What are the required minimum sample sizes for the strata to achieve a margin of error of 7%?

In [14]:
# Enter the data into Python dictonaries

prevalence = {"North": 0.50, "South": 0.65, "West": 0.55, "East": 0.45}

response = {"North": 0.90, "South": 0.85, "West": 0.85, "East": 0.70}

deff_c = {"North": 1.2, "South": 1.1, "West": 1.4, "East": 1.7}


Then we can use the parameters to calculate the sample sizes


In [15]:
# Instantiate an object SampleSize for a proportion
obesity_study = SampleSize(parameter="proportion", stratification=True)

# Calculate the sample size for the expected proportion and the desired margin of error
obesity_study.calculate(target=prevalence, half_ci=0.07, deff=deff_c, resp_rate=response)

# Print the sample size
print(f"\nThe minimum required sample size is: {obesity_study.samp_size}")

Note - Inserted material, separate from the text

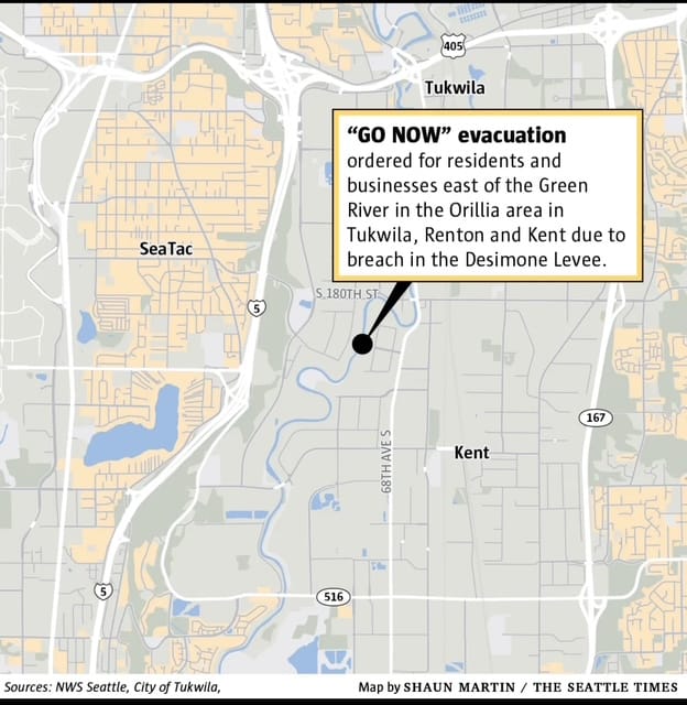 - A breach in the Desimone Levee created a GO NOW evacuation notice for residents and businesses east of the Green River in the Orillia area of Tukwila, Renton, and Kent.
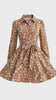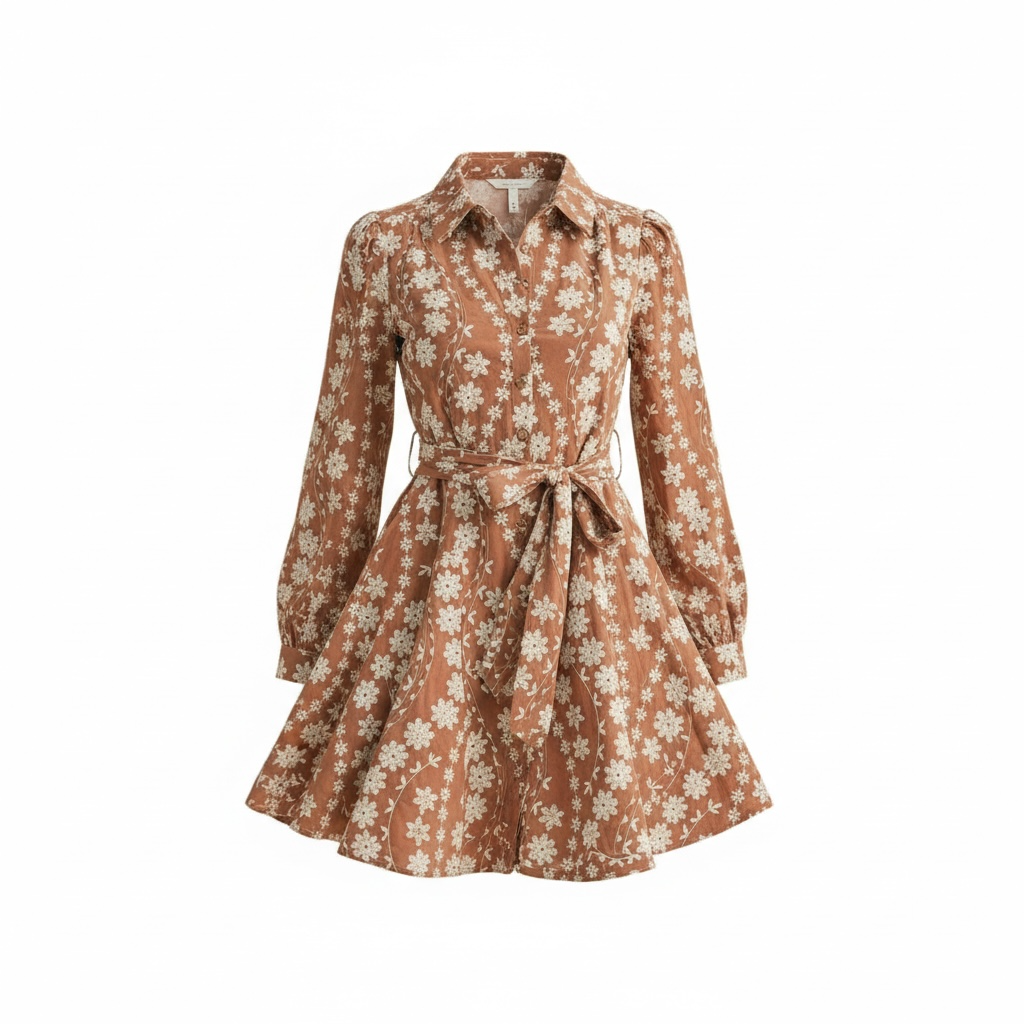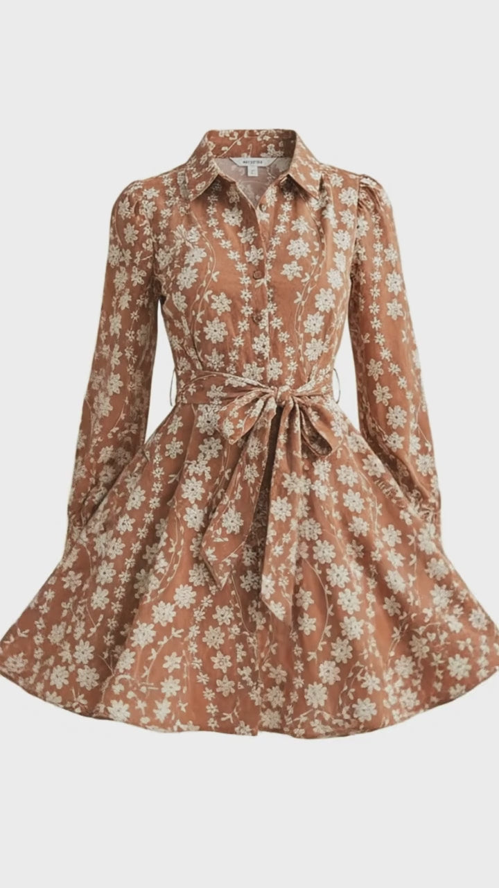 &merci - Intricate Floral Embroidery Button Down Flared Mini Dress in Dark Amber

The minimum required sample size is: {'North': 236, 'South': 197, 'West': 272, 'East': 330}



If more convenient, we can use the method `to_dataframe()` to transform the data into a Pandas DataFrame


In [16]:
obesity_study.to_dataframe()

Unnamed: 0,_parameter,_stratum,_target,_sigma,_half_ci,_samp_size
0,proportion,North,0.5,0.25,0.07,236
1,proportion,South,0.65,0.2275,0.07,197
2,proportion,West,0.55,0.2475,0.07,272
3,proportion,East,0.45,0.2475,0.07,330


**Exercise 5.6**

Assume that we want to calculate sample size for a stratified study. The stratification variable is race and it takes three values: black, hispanic, and white.  From previous studies, we have the following data on income

```python
mean_women = {"black": 25000, "hispanic": 30000, "white":35000}
mean_men = {"black": 35000, "hispanic": 33000, "white":55000}
sigma = {"black": 1200, "hispanic": 3000, "white":3200}
```

For each of these groups, we want to test whether men and women have the same income on average. Calculate the required sample size for each group for a power of 80% and $\alpha=0.05$. We will assume that both the response rate and the design effect are equal to 1.